Within the entries below, find the portion that opens with the line containing "A faux shearling" and closes with the line containing "الدفاعية أو الهجومية.". Retype that portion exactly and only.

Start of Extracted material

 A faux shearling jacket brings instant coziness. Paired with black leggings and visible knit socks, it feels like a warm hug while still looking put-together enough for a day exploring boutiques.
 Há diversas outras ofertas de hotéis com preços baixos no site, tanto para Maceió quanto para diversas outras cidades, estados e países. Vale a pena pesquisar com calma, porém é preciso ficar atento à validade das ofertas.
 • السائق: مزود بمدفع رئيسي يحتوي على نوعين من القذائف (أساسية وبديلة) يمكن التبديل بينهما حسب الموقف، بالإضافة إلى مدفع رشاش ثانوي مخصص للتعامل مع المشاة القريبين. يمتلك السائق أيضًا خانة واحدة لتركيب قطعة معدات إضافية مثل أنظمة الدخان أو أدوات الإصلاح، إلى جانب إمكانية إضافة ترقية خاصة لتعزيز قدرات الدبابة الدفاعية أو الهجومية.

End of Extracted material
Start of Extracted material

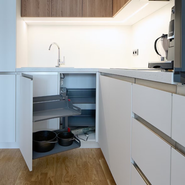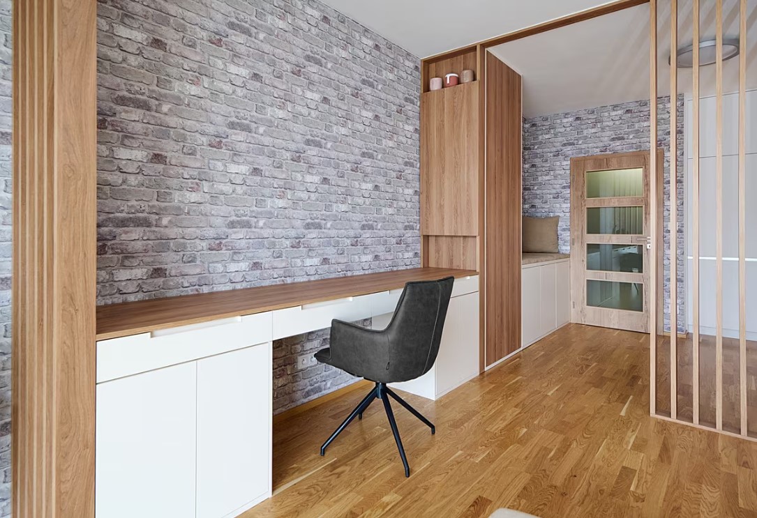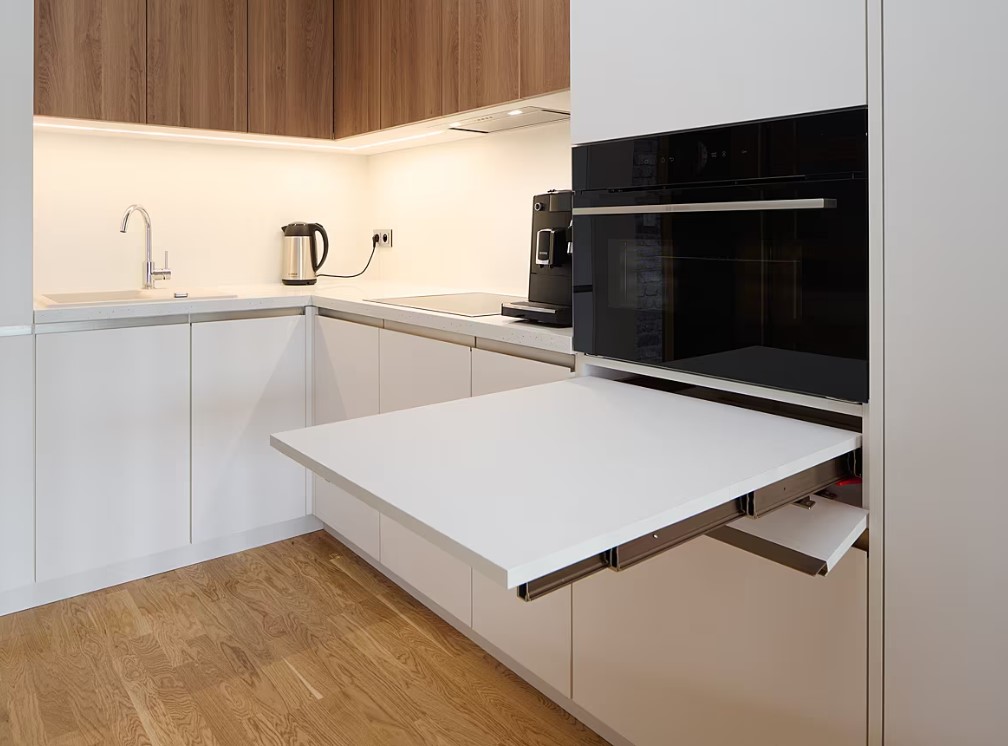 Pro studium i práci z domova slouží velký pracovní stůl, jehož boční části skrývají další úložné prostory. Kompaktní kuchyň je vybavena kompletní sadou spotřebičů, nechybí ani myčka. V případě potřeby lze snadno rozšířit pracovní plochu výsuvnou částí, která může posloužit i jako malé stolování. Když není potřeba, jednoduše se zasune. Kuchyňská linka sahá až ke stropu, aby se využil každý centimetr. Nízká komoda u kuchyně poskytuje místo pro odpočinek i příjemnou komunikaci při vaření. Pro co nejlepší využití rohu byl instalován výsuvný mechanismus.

End of Extracted material

> _Exercise result_
 A faux shearling jacket brings instant coziness. Paired with black leggings and visible knit socks, it feels like a warm hug while still looking put-together enough for a day exploring boutiques.
 Há diversas outras ofertas de hotéis com preços baixos no site, tanto para Maceió quanto para diversas outras cidades, estados e países. Vale a pena pesquisar com calma, porém é preciso ficar atento à validade das ofertas.
 • السائق: مزود بمدفع رئيسي يحتوي على نوعين من القذائف (أساسية وبديلة) يمكن التبديل بينهما حسب الموقف، بالإضافة إلى مدفع رشاش ثانوي مخصص للتعامل مع المشاة القريبين. يمتلك السائق أيضًا خانة واحدة لتركيب قطعة معدات إضافية مثل أنظمة الدخان أو أدوات الإصلاح، إلى جانب إمكانية إضافة ترقية خاصة لتعزيز قدرات الدبابة الدفاعية أو الهجومية.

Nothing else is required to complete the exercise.